*Instructions for the task:* Only the pictures stay out; every record is to be quoted exactly.

Start of Block

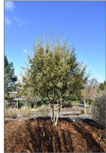
Variegated Box-Leaf Azara

Variegated Box-Leaf Azara is recommended for the following landscape applications;
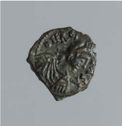
No. 13 – Obv.
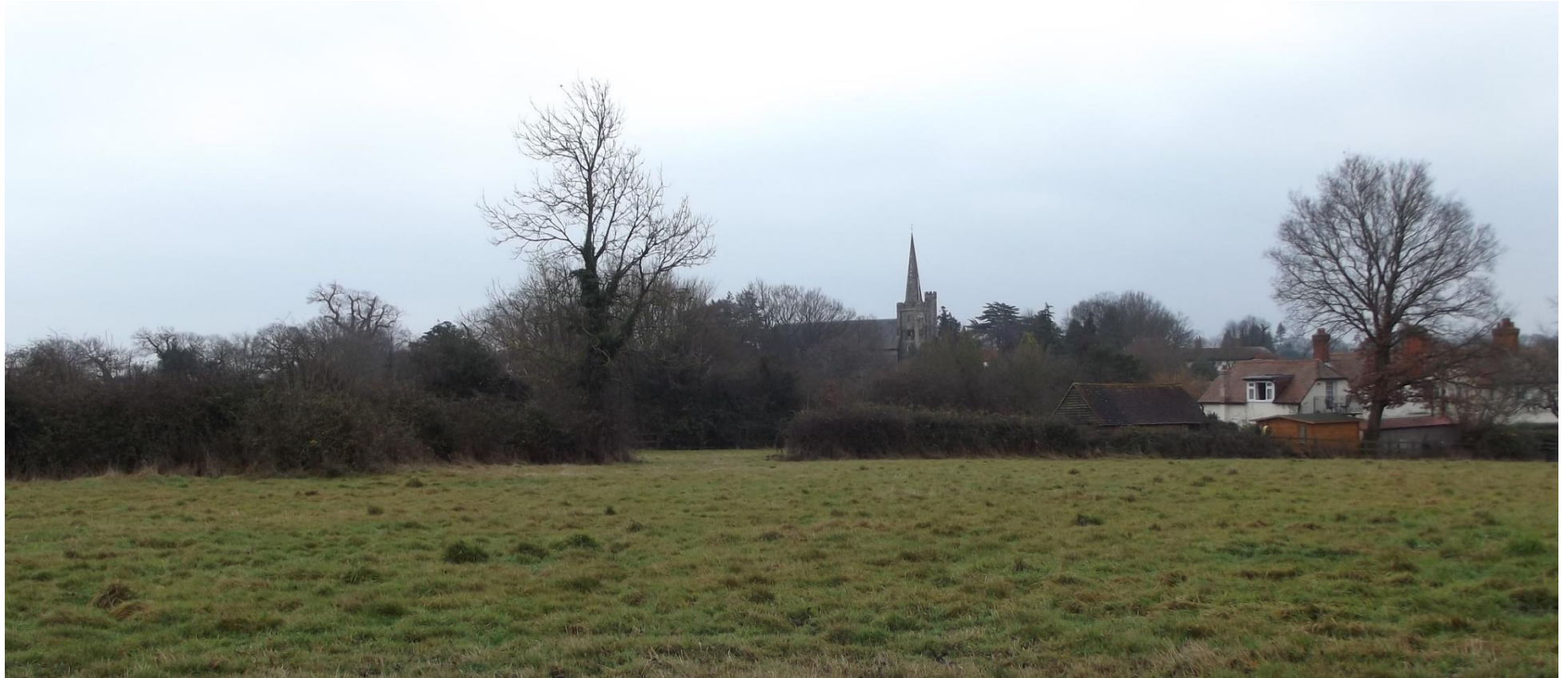
View of church from centre of site
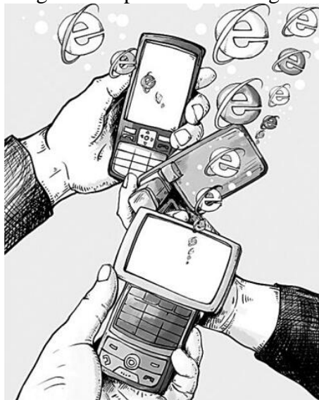
Figure 1 New media

In recent years, the development of new media has gradually become stronger, followed by the rapid spread of various new cultures. The young people of the new era are in the important stage of ideological transformation and development, and their outlook on life, values and world outlook will be greatly impacted under the background of the new era. Through various new media platforms, cultures around the world are displayed in the vision of college students. Influenced by the cultural diversity, the contemporary young people's thought gradually tends to diversify, and the style and thinking characteristics are more unique. Under the new media background, how to guide the students to establish their correct values and use the corresponding teaching means to gradually teach students to form the ability to distinguish between right and wrong has become one of the key research topics in the field of ideological and political teaching in today's universities.
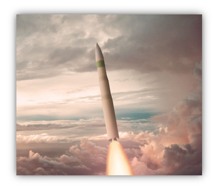
Illustration of LGM-35A Sentinel missile in flight. U.S. Air Force illustration.

However, maintaining a more explosive arsenal is not the primary argument employed by proponents of
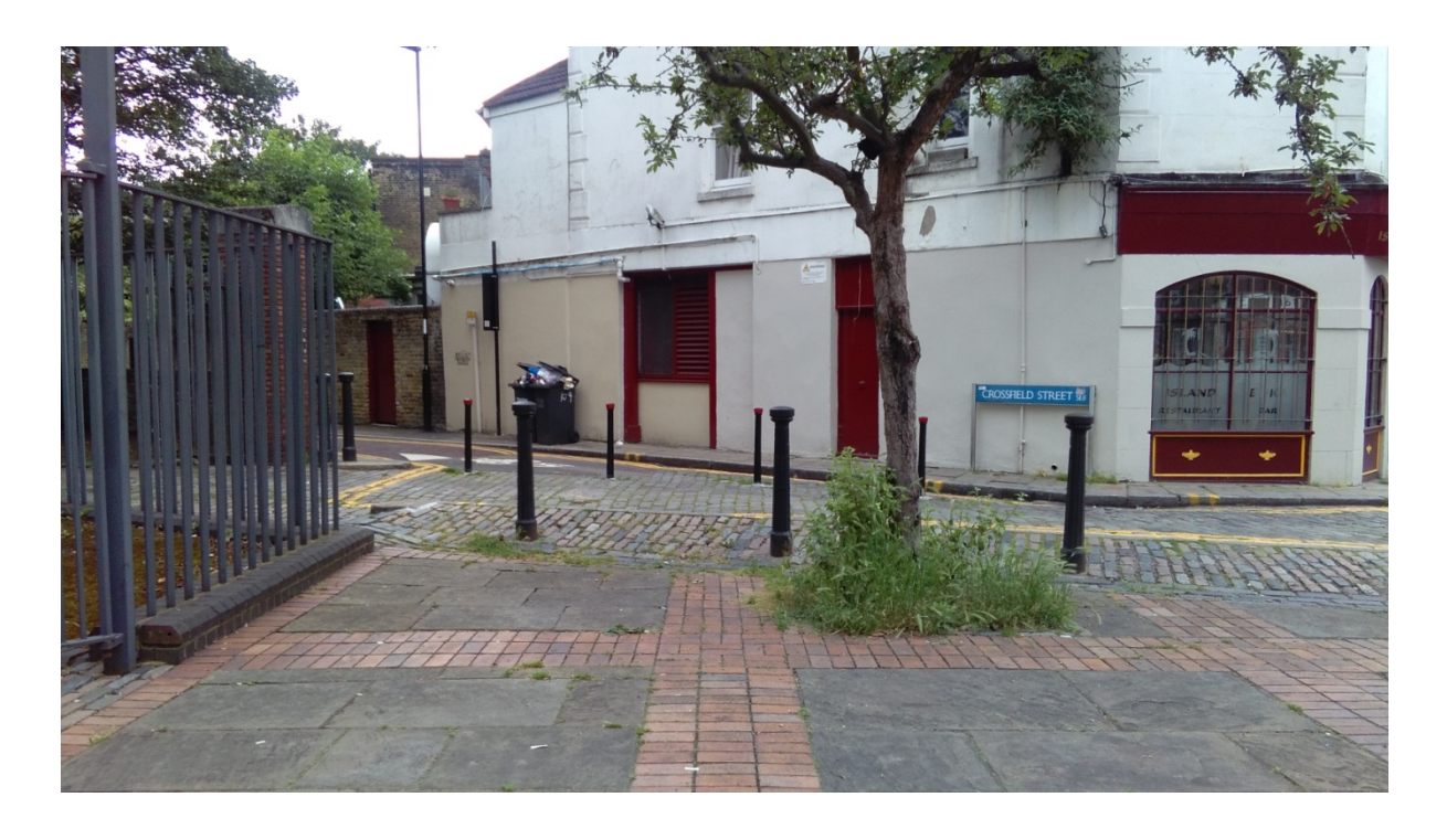
Plate 3. View of church forecourt south towards Crossfield St. Level difference clear at bollard line. Tree to be removed and replaced in same location.

Plate 4. View west to Deptford High St showing interface with cobbles on Crossfield St
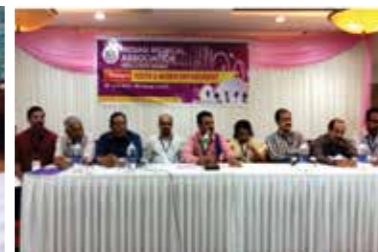
Workshop on Youth & Women empowerment on 26th April at IMA House, organised by IMA Kerala State Branch
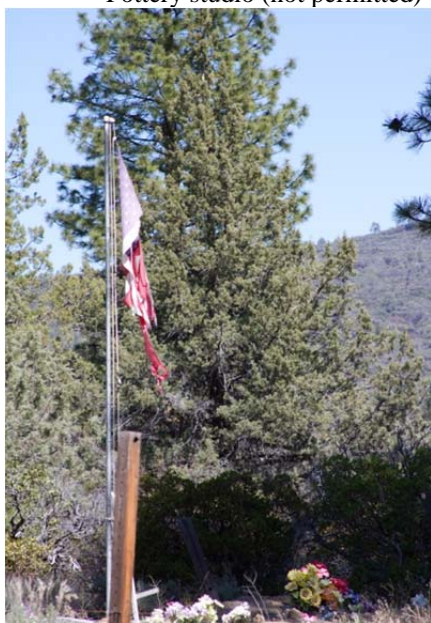
Historic, sacred burial ground – isolated from ranch operation – separate entrance/access
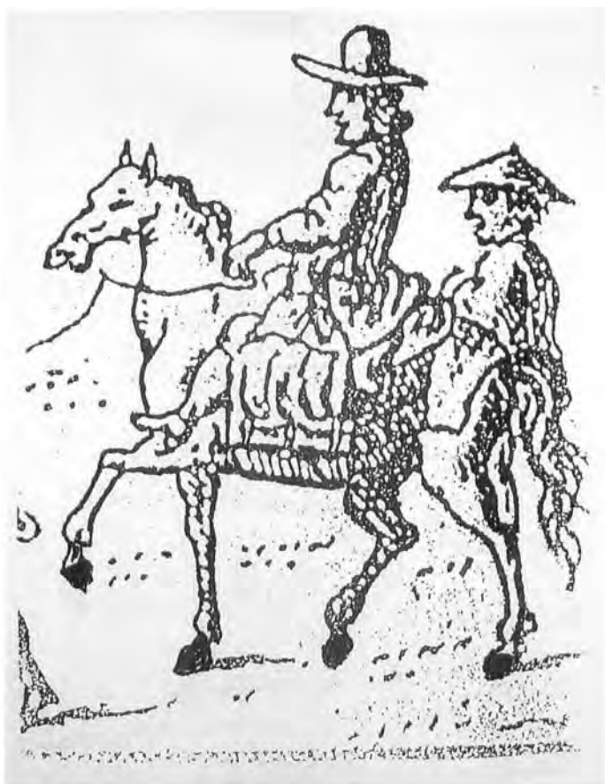
Figure 3. 'Keh-pe-ru' travelling with his servant in Japan, 1691; engraving after Kaempfer's sketch; The History of Japan , 1728, v2, p430, tXXII.

It is possible that the Linnean Society's Kaempferia is a 'Mead' vellum. In the catalogue, it is no. 104 but when the vellum was removed from the old frame, the number was not there. What was there, however, was a sentence in ink, which reads: "By Dr. Kempfer, it is [called (illeg.)] Wanbon". This is taken from the citation added to item 104 in the Mead list. After giving the name and reference, as they appear on the terracotta pot [see Fig.1], it states:
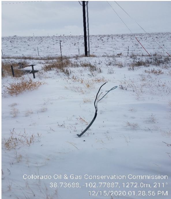
5. Electric wire sticking out of ground.
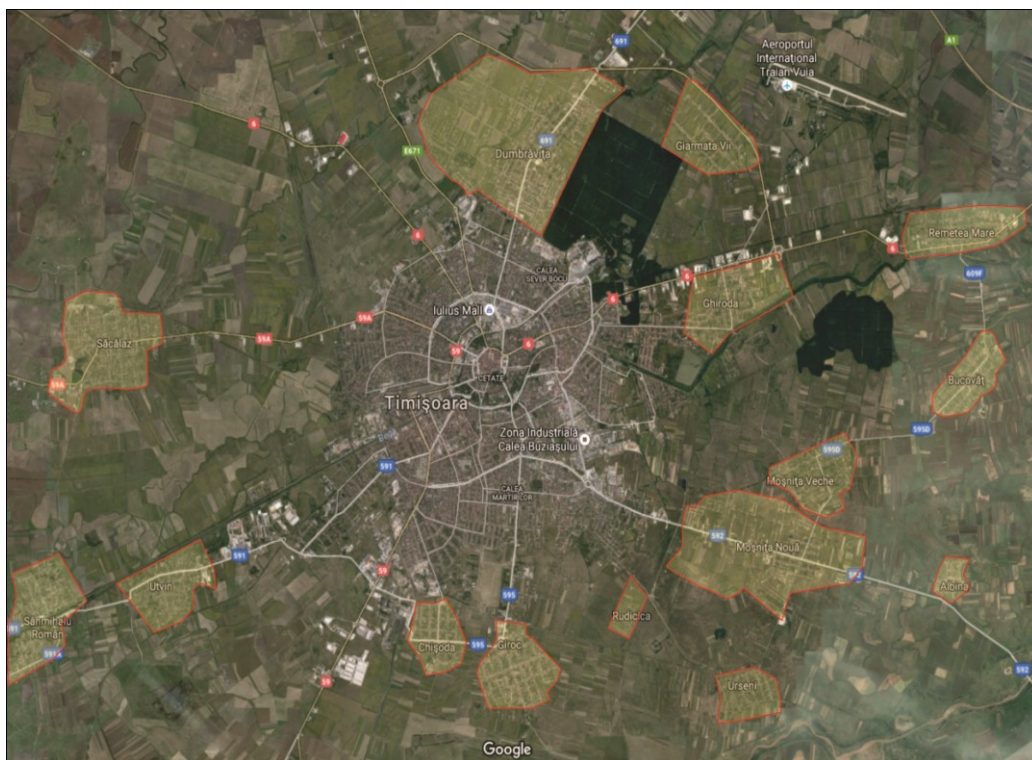
Fig.1 The map of Timișoara with the marked neighbouring communes
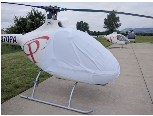
Guimbal Cabri G2 Bubble Cover, test fit cover
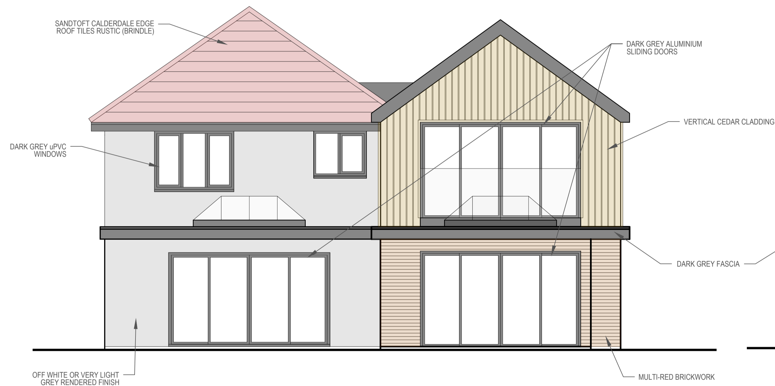
PROPOSED REAR ELEVATION SCALE 1:50 AT A1
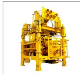
DEEP WATER RISER SYSTEM

End of Block

*Answer to the problem:*
Variegated Box-Leaf Azara

Variegated Box-Leaf Azara is recommended for the following landscape applications;
No. 13 – Obv.
View of church from centre of site
Figure 1 New media

In recent years, the development of new media has gradually become stronger, followed by the rapid spread of various new cultures. The young people of the new era are in the important stage of ideological transformation and development, and their outlook on life, values and world outlook will be greatly impacted under the background of the new era. Through various new media platforms, cultures around the world are displayed in the vision of college students. Influenced by the cultural diversity, the contemporary young people's thought gradually tends to diversify, and the style and thinking characteristics are more unique. Under the new media background, how to guide the students to establish their correct values and use the corresponding teaching means to gradually teach students to form the ability to distinguish between right and wrong has become one of the key research topics in the field of ideological and political teaching in today's universities.
Illustration of LGM-35A Sentinel missile in flight. U.S. Air Force illustration.

However, maintaining a more explosive arsenal is not the primary argument employed by proponents of
Plate 3. View of church forecourt south towards Crossfield St. Level difference clear at bollard line. Tree to be removed and replaced in same location.

Plate 4. View west to Deptford High St showing interface with cobbles on Crossfield St
Workshop on Youth & Women empowerment on 26th April at IMA House, organised by IMA Kerala State Branch
Historic, sacred burial ground – isolated from ranch operation – separate entrance/access
Figure 3. 'Keh-pe-ru' travelling with his servant in Japan, 1691; engraving after Kaempfer's sketch; The History of Japan , 1728, v2, p430, tXXII.

It is possible that the Linnean Society's Kaempferia is a 'Mead' vellum. In the catalogue, it is no. 104 but when the vellum was removed from the old frame, the number was not there. What was there, however, was a sentence in ink, which reads: "By Dr. Kempfer, it is [called (illeg.)] Wanbon". This is taken from the citation added to item 104 in the Mead list. After giving the name and reference, as they appear on the terracotta pot [see Fig.1], it states:
5. Electric wire sticking out of ground.
Fig.1 The map of Timișoara with the marked neighbouring communes
Guimbal Cabri G2 Bubble Cover, test fit cover
PROPOSED REAR ELEVATION SCALE 1:50 AT A1
DEEP WATER RISER SYSTEM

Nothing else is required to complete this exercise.